Thursday, 30 January 2014

Holiday in Tasmania

Last week Mr Macska and I went down to Tasmania for his parents' wedding anniversary and a little holiday. It was a lovely refreshing break from all the hot weather in Melbourne. I'm terrible at remembering to take photos when I'm out and about, but I did manage to snap a few. So here are some of the highlights of our trip:

Sailing a yacht under the Hobart Bridge. Yes, that's me at the tiller! Mr Macska's very good friend James took us out on his 40 ft yacht, and despite getting rather seasick I had a fantastic time. We even got to put the sail up.

Playing the pokies for the first time in my life and winning! I'm not really the gambling type, but when we happened to end up in a pokies pub for half-an-hour I thought why not? I put $1 into an Elvis-themed machine and won $9. I promptly collected my winnings and that was the end of that.

Catching the Striborg gig at MONA. Striborg is a one-man ambient black metal band from Tasmania, which sounds a bit like Burzum. He happened to be playing as part of MONA FOMA while we were there, so we caught the show, which was pretty cool, and I took a terrible photo in the dark!

One of the best things about the show was it was held next to the amazing new chapel at MONA which is by Wim Delvoye. It's a seven-sided Gothic-inspired structure made of rusted iron lacework with seven stained glass windows set into the central room. 

Of course because this is MONA the stained-glass windows depict the museum's main themes - sex and death. Some of the windows had giant maggots in leadlight, while these ones had x-rays of people engaged in...ahem... intimate acts.

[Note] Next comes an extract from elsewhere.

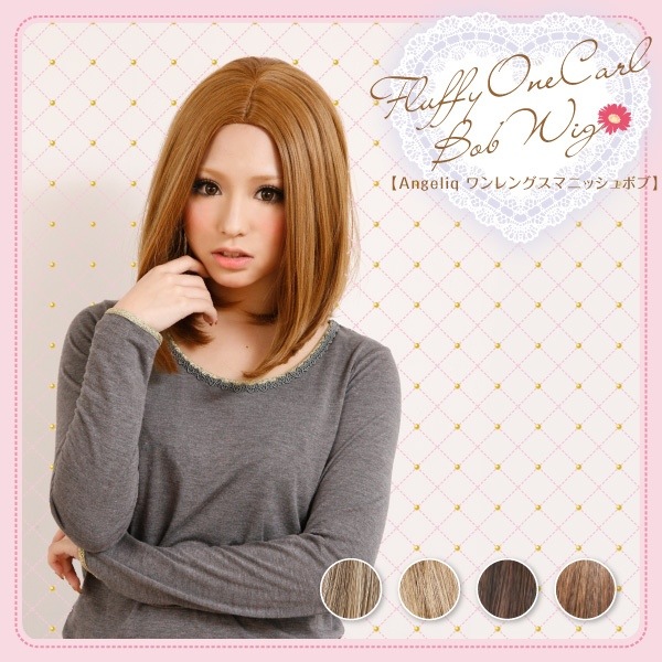 フルウィッグ ワンレングス・マニッシュ・ボブ 4色バリエーション 耐熱ファイバー 専用ウィッグネット付き【Angeliqueアンジ...

The next day we headed up to Launceston for Mr Macska's parents' 40th wedding anniversary party. They owned a fabric shop for years, and I couldn't resist taking a photo of this amazing quilt that Mr Macska's dad made. It's almost three-dimensional, each little square sits up off the circle it's on. Beautiful work.

Gorgeous flowers at my mother's place, brightening up the day every time I walked past them.

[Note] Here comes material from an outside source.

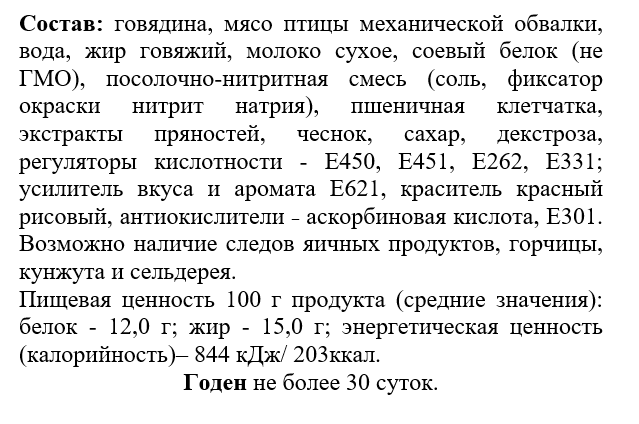 Говядина, мясо птицы механической обвалки, вода, жир говяжий, молоко сухое, соевый белок (не ГМО), посолочно-нитритная смесь (соль, фиксатор окраски нитрит натрия), пшеничная клетчатка, экстракты пряностей, чеснок, сахар, декстроза, регулятор кислотности - Е450, Е451, Е262, Е331; усилитель вкуса и аромата Е621, натуральный пищевой краситель красный рисовый, антиокислитель Е301.

Eating homemade profiteroles off my mother's amazing 1930s tea set. The pattern is "Carnival" by Royal Doulton, and it seems to be quite a rare colourway.

This lovely stretch sateen with roses on it that I didn't buy (curses!) in a fabric shop in Launceston. I did get some grey, black and white very large check silk to make a skirt thought.

And of course going through the old family photos. Me as a little child, my father called my ears "paper ears" because they were so soft and bendy.